Supplied data
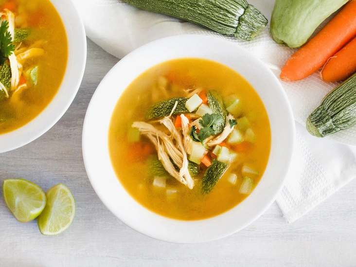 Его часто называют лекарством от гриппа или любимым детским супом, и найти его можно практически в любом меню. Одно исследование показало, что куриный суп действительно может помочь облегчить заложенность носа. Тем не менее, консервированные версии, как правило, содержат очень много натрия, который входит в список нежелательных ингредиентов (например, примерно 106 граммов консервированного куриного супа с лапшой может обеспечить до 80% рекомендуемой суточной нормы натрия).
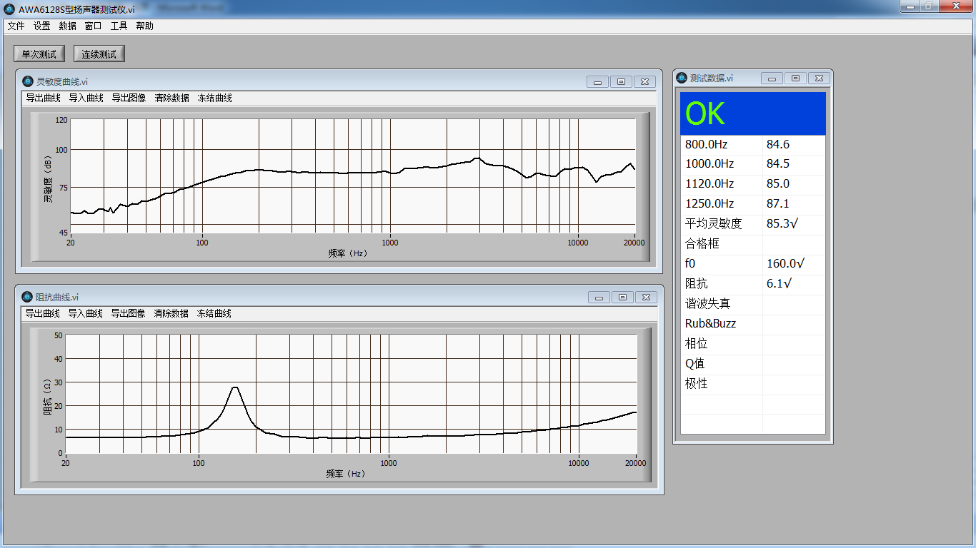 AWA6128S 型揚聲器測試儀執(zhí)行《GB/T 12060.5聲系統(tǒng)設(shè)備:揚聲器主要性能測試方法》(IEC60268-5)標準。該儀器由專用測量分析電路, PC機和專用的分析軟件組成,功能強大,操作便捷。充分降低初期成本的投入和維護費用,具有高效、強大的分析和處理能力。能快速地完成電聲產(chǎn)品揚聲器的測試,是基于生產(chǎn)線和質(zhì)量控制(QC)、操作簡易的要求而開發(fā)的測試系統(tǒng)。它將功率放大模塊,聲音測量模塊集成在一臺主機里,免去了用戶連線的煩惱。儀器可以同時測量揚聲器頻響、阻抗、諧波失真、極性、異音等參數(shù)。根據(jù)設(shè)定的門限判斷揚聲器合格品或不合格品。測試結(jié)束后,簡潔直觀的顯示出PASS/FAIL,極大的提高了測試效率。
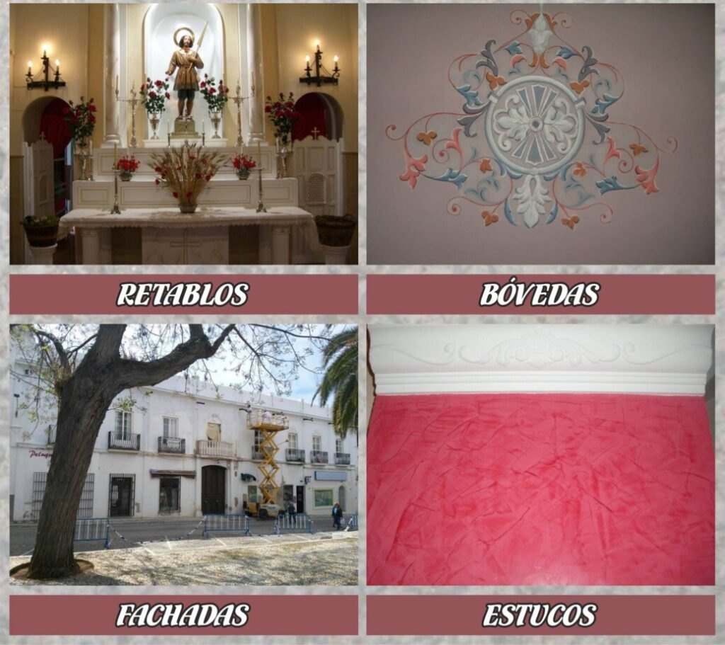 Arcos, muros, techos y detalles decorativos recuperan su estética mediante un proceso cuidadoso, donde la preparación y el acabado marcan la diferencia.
...
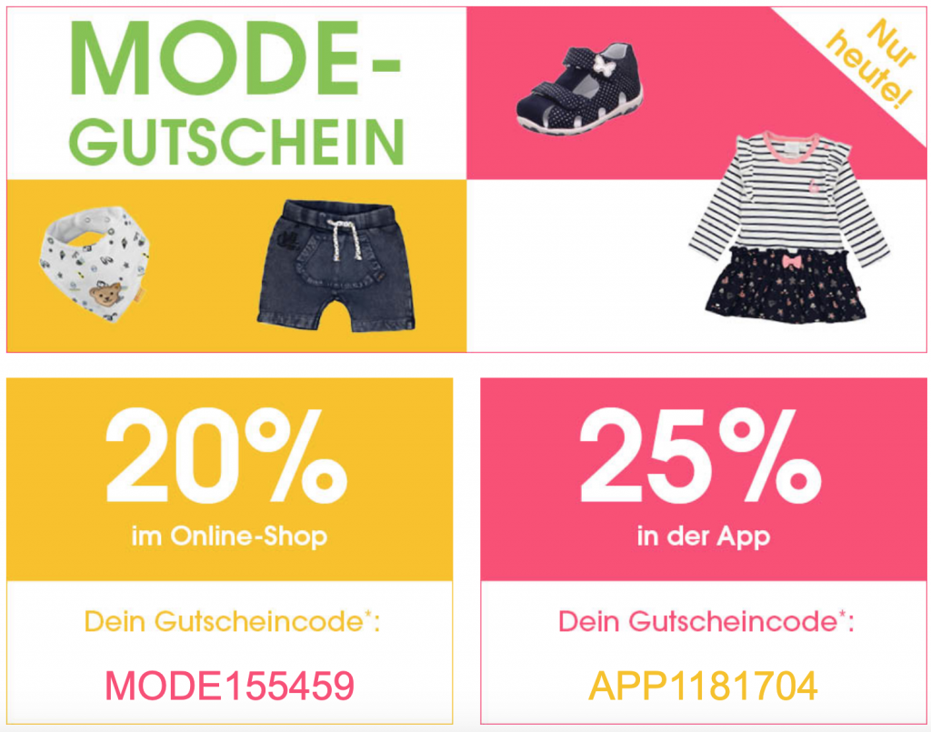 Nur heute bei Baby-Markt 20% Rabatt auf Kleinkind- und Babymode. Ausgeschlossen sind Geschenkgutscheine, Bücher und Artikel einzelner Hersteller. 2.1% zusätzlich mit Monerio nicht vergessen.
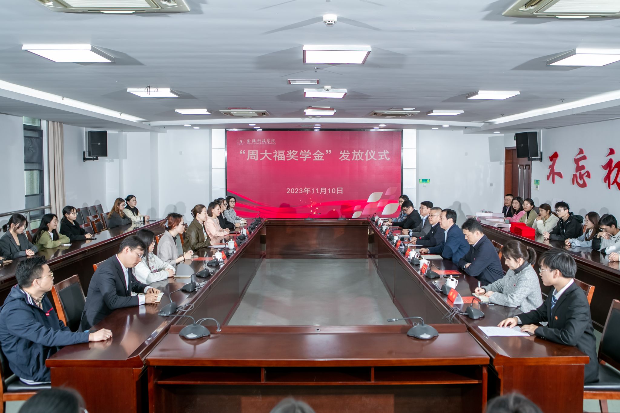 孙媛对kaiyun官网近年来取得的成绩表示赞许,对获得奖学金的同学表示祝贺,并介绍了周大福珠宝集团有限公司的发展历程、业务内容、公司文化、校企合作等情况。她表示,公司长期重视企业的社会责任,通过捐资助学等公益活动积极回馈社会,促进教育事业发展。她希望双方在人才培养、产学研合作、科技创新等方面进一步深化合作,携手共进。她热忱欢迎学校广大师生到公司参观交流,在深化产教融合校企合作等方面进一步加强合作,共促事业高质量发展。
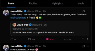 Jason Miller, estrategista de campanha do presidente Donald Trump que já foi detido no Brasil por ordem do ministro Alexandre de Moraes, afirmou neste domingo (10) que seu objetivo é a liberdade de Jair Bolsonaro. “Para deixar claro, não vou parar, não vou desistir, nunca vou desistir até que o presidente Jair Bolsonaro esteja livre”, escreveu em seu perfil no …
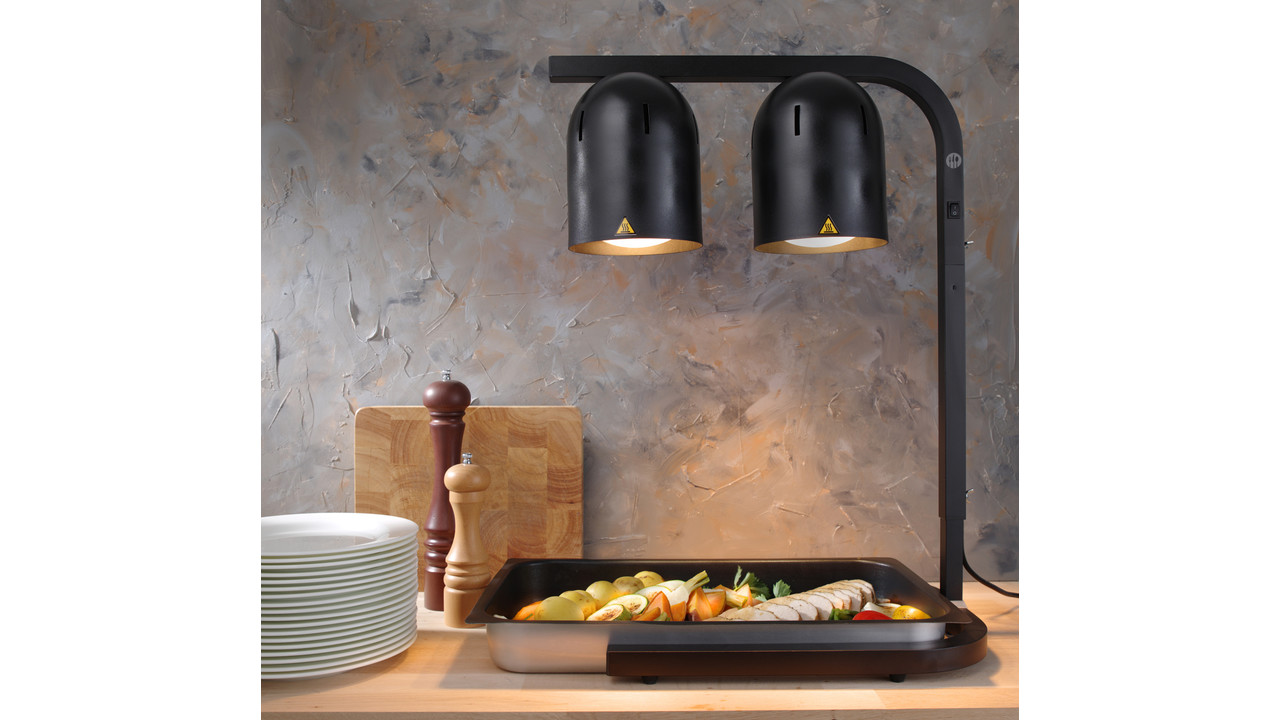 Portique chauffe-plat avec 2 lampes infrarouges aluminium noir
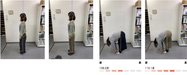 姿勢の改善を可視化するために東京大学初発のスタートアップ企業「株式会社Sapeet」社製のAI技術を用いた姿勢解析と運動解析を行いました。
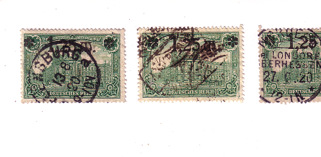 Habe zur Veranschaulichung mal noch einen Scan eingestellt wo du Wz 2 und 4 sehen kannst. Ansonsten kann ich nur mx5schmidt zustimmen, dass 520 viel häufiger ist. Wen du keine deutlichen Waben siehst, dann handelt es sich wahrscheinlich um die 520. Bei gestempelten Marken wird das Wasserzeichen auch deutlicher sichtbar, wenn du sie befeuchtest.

What you will do
With pictures excluded, reproduce exactly the lines above from the one containing "Jason Miller, estrategista" down to the one containing "Habe zur Veranschaulichung", those two included.

Result
 Jason Miller, estrategista de campanha do presidente Donald Trump que já foi detido no Brasil por ordem do ministro Alexandre de Moraes, afirmou neste domingo (10) que seu objetivo é a liberdade de Jair Bolsonaro. “Para deixar claro, não vou parar, não vou desistir, nunca vou desistir até que o presidente Jair Bolsonaro esteja livre”, escreveu em seu perfil no …
 Portique chauffe-plat avec 2 lampes infrarouges aluminium noir
 姿勢の改善を可視化するために東京大学初発のスタートアップ企業「株式会社Sapeet」社製のAI技術を用いた姿勢解析と運動解析を行いました。
 Habe zur Veranschaulichung mal noch einen Scan eingestellt wo du Wz 2 und 4 sehen kannst. Ansonsten kann ich nur mx5schmidt zustimmen, dass 520 viel häufiger ist. Wen du keine deutlichen Waben siehst, dann handelt es sich wahrscheinlich um die 520. Bei gestempelten Marken wird das Wasserzeichen auch deutlicher sichtbar, wenn du sie befeuchtest.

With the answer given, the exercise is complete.